How Jackie Robinson Found Himself in the Dodgers Lineup in 1947
If you’re a baseball fan—or simply a foe of injustice—you no doubt observed the 75th anniversary on April 15 of Jackie Robinson breaking Major League Baseball’s color barrier.
Years ago, the league retired Robinson’s No. 42, except on the anniversary of his first MLB game, when every player on every team wears that number. Beyond that, individual teams stage their own celebrations and, of course, the sports media devoted vast bandwidth, airtime, and column inches to the subject.
The tribute is well-deserved, and it’s difficult to imagine any sane person questioning the man’s fortitude or denying the stain on the game left by the “gentlemen’s agreement” under which the baseball owners for generations barred persons of color from the National Pastime.
But in their coverage of both the original episode and the league-wide observance last month, the pundits characteristically focused too much attention on why, but little or none on how baseball was finally integrated.
In fact, Robinson found his way into the Brooklyn Dodgers’ lineup on April 15, 1947, not because of a government edict but because of free markets and the irresistible morality of capitalism.
As has been well-chronicled, from the time of its founding in 1876, Major League Baseball had remained an entirely white enterprise. There are legends about light-skinned blacks making occasional appearances in uniform. There are even persistent rumors the game’s most iconic player, Babe Ruth, had African-Americans in his family tree.
But even if true, these stories would be only a footnote in history because Robinson was, by all accounts, the first MLB player to openly identify as non-white—and face the consequences of it.
To be sure, nothing ever found its way into the league’s bylaws spelling out the specifics of the rule or promising retribution against any who violated it, but the conspiracy couldn’t have been more obvious, and there was much being written about the travesty.
But while the lawmakers dithered, the market acted.
To be more precise, Dodger General Manager Branch Rickey took a good look at the wealth of talent toiling away in the Negro Leagues and concluded the benefits of winning games outweighed whatever informal sanctions might accompany his decision to violate the game’s unwritten rule.
And when his actions forced the other owners to follow suit, however timid or racist they may have been, the whole calculus changed.

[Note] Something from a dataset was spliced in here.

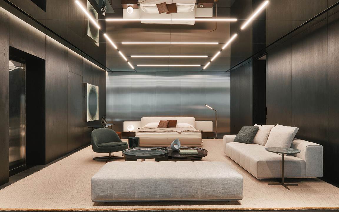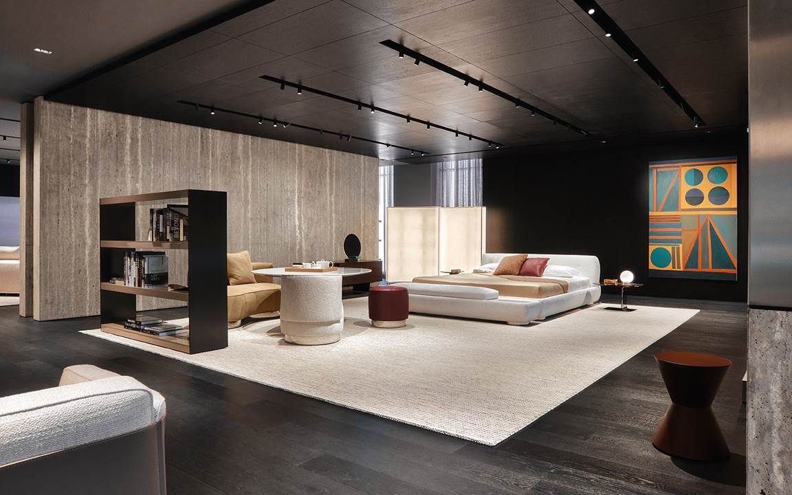 Ideato e realizzato da Minotti Studio, il progetto di interior design coniuga elementi originari dell’edificio con segni distintivi dello stile Minotti, in un percorso espositivo che si trasforma in una coinvolgente design experience.

Legendary economist Thomas Sowell, in “The Thomas Sowell Reader,” avoided the temptation to rhapsodize and, instead, expressed the development in unsparing economic terms:
“Because Major League Baseball has operated as a cartel, exempted from anti-trust laws, it … had low costs of discrimination and was able to keep black players out. But this situation changed in 1947, when the Brooklyn Dodgers hired Jackie Robinson as the first black Major League ballplayer. Because there was competition within the cartel among various teams, once the color barrier was broken by just one team hiring just one black player, the cost to other teams of keeping out other black players rose sharply. The net result was that, in a matter of a relatively few years, large numbers of black players flooded into the major leagues … The cost was obviously much too high for the competing teams to pay for continuing racial exclusion in Major League Baseball. Their racial attitudes may not have changed, but the cost of translating those attitudes into discriminatory exclusions had changed drastically.”
Again, the question isn’t whether discrimination is a bad thing, or the integration of baseball was a good thing. Those conclusions are self-evident. But the Jackie Robinson experience unequivocally proves that, in the absence of monopoly-enabled collusion, the market will force individuals to do the right thing.
More to the point, it proves that market-driven societal changes tend to be more readily accepted than those imposed by government. Either Roosevelt or Truman could have intervened and integrated baseball by force. Perhaps they even wanted to. But would doing so have driven home the point to owners, teammates, and baseball fans that it was not only the right thing but the only thing they could do?
Did the integration of schools go smoothly? How about busing or minority hiring quotas?
Unlike those top-down solutions, which yielded questionable results and engendered resentments we still grapple with to this day, Branch Rickey’s bold stroke was quickly embraced by those forced to choose between accepting the truth or consigning their team to mediocrity.
As a footnote, within two years Rickey’s Dodgers had three more black players, including Don Newcombe and Hall of Famer Roy Campanella. Not coincidentally, their crosstown rivals, the New York Giants, responded in 1949 by making Monte Irvin the 10th black to play in the major leagues.
By 1951, the Giants had more black players—including Willie Mays—than Brooklyn, not because they were forced by government fiat, but because they would have been at a significant competitive disadvantage to choose any other course.
Arbitrary quotas and the clumsy application of force allow preening politicians to assert they were the instrument of change. But if the objective is smooth transition, wide acceptance, and enduring success, nothing beats competition and the open market.
It takes nothing away from Jackie Robinson’s talent and courage to recognize they were finally put on display only after the market was allowed to work as intended.